縁をつないで、りんご農家に転身。目指すは、かっこいいりんご農家。

 小学5年の移動授業で川場村へ訪れたことをきっかけに、りんご農家になりたいという夢を持ったという太田さん。その後も、りんご農家との親交を深め、縁をつなぎ、りんご農家へと転身しました。りんごづくりに情熱をそそぐ、太田さんを訪ねました。

太田 龍之介さん
(東京都世田谷区 → 群馬県利根郡川場村)
東京都世田谷区出身。研修期間を経て、2017年、「りんご園おおた」をスタート。妻と9歳の長男、7歳の次男、3歳の三男と5人暮らし。

移住したきっかけは?

 川場村のりんご園との出会いは、世田谷区立小学校の5年生を対象に行われる「川場移動教室」でした。川場村にある区民健康村に宿泊しながら、川場村の自然や文化にふれながら、さまざまな体験活動するのですが、そこでこのりんご園の前園主の話を聞いたのが始まりでした。小学6年生の時には、世田谷川場ふるさと公社が主催する「自然教室」に参加し、再度、川場村へ。再開した前園主の話す姿や生き様がかっこよくて、憧れを抱くようになり、りんご農家になりたいという夢が生まれました。
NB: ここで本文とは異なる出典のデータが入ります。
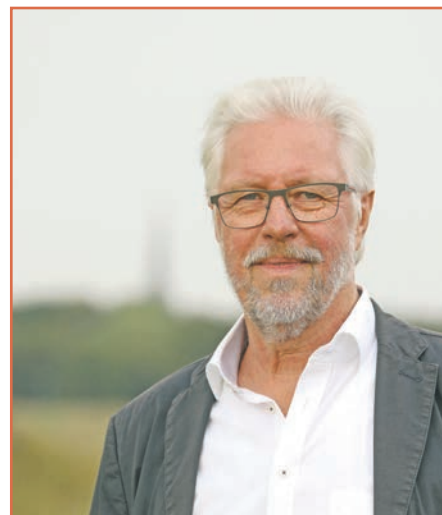
Jochen vom Berg Fraktionsvorsitzender Bündnis 90 | Die Grünen

 以来、毎年、川場村に遊びに来るようになりました。大学生になっても、前園主との交流は続いていて、りんご園を手伝わせてもらうこともありました。大学2年の時、前園主から「やる気があるなら、りんご農家をやってみないか」という話をいただきました。ずっとずっとりんご農家になりたいと思っていましたから、大学を卒業し、社会人を経験した後、りんご農家になるつもりでいました。
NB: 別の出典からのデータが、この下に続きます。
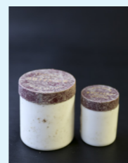
化粧品などのビン
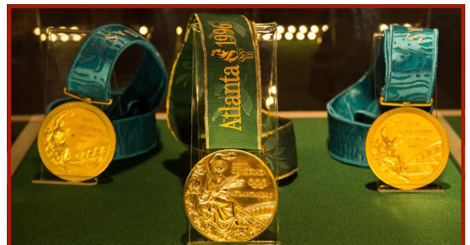
W MSiT można oglądać trzy z czterech złotych medali olimpijskich Roberta Korzeniowskiego

W Atlancie Robert Korzeniowski rozpoczął „złoty szlak”. Na kolejnych IO w Sydney (2000) i Atenach (2004) wywalczył jeszcze trzy medale z najcenniejszego kruszcu i stał się jedynym Polakiem, który czterokrotnie został mistrzem olimpijskim. Zdobył także trzy tytuły mistrza świata i dwa mistrza Europy.

 社会経験を積むために、群馬県内のスーパーに就職。3年ほど経った頃、前園主が亡くなられてしまって、前園主のりんご畑の一部を引きつぐ形で、川場村に移住しました。

就農して大変だったことは?

 川場村に生活拠点を移した後、2年間の研修期間を経て、2017年、就農しました。大変だったことといえば、お金がなかったこと。通帳の残高が二桁になったこともありました。りんご農家になることに迷いはまったくありませんでしたけど、よく生き残れたと今でも思います。
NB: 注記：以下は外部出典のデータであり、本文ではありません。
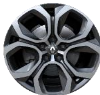
Aluminijumski naplaci 18" Pasadena
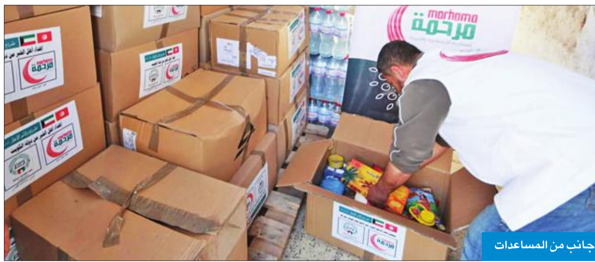
جانب من المساعدات

استجواب النائب حمدان العازمي لرئيس مجلس الوزراء سمو الشيخ جابر المبارك مطلع الشهر الجاري، أوضحت للنواب الخطوات المتخذة في هذا الملف، واستعرضت معهم قرارات عودة الجناسي إلى بعض الحالات والية عمل اللجنة، متوقفاً حسم الكثير من حالات المسحوبة جناسيهم بعد نهاية دور الانعقاد الحالي. في السياق، وعبر حسابه على تويتر، بشر النائب د. نايف المراديس بقرب عودة الجناسي المسحوبة، مبيناً أنه «بالتواصل مع الرئيس المبارك، ونائب رئيس الوزراء وزير الداخلية الشيخ خالد الجراح، نقول إن هناك تباشير بعودتها قريباً». ولفت المراديس إلى ضرورة عدم تمكين من يحاول عرقلة أي عودة مستحقة لجنسية أي شخص، داعياً أن يعم الفرح البلاد، وأن يطوى هذا الملف، لاسيما في هذه الأيام المباركة.
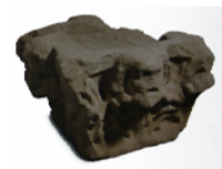
Capitell (s. II). Gres 47 cm x 73 cm x 67 cm
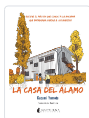
LA CASA DEL ÁLAMO YUMOTO, KAZUMI
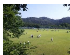
■天然芝のグラウンド
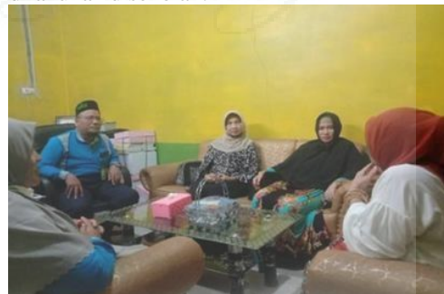
Gambar 3. -TOT

Pada tahap pertama (tahap persiapan) kegiatan ini merupakan pertemuan dosen dan mahasiswa sebanyak 5 orang dalam melakukan pengenalan dan perencanaan terhadap kegiatan pendampingan pembelajaran melalui mentoring yang akan dilakukan di sekolah.

 りんごを育てる大変さも味わいました。りんご畑を引き継いだ年は、カメムシの発生で予想していた収量の3割しか収穫できませんでした。この経験があったから、今では、ちょっとやそっとではびくともしません。強くなれたと思っています。

りんごづくりの楽しさは?

 頑張った分だけ、りんごがこたえてくれるところです。同時に、さぼったらさぼったなりのりんごになります。剪定、消毒、摘果、葉つみ、収穫と1年を通して作業がありますが、収穫時期は、りんご農家の結果発表の時期です。結果が良ければうれしいし、悪ければ胃が痛くなります。

農が身近にある生活をしてみて良かったことは?

 子どもと遊ぶ時間が取りやすいことです。キャッチボールや鬼ごっこ、川や山が近いので、川場村ならではの遊びが楽しめるのがいいですね。川場村スポーツ少年団のレーシングチームに入っている長男と次男と一緒に、僕もスキーを始めました。スキーの楽しさにはまり、今は、自分がうまくなりたくて、連れていっているところもあります。

これからの目標は?

 子どもたちが「うちの父ちゃん、かっこいいでしょ」と言えるような仕事にしたいと思っています。いつか、子どもたちが「父ちゃんと同じ、りんご農家になりたい」と言ってくれたら、うれしいですね。

これから群馬へ移住して農業を始めたい人へのアドバイス

 僕のように、突然、農業の世界に飛び込むと、お金が続かなくて、苦しい思いをすることもあると思います。農業の他に、副業など稼げるような仕事があって、半農半仕事のような生活から、徐々に農業に移行していくのもいいと思いますし、何もしなくても2年間ぐらい生活できる余裕(貯金)を用意しておくのもいいと思います。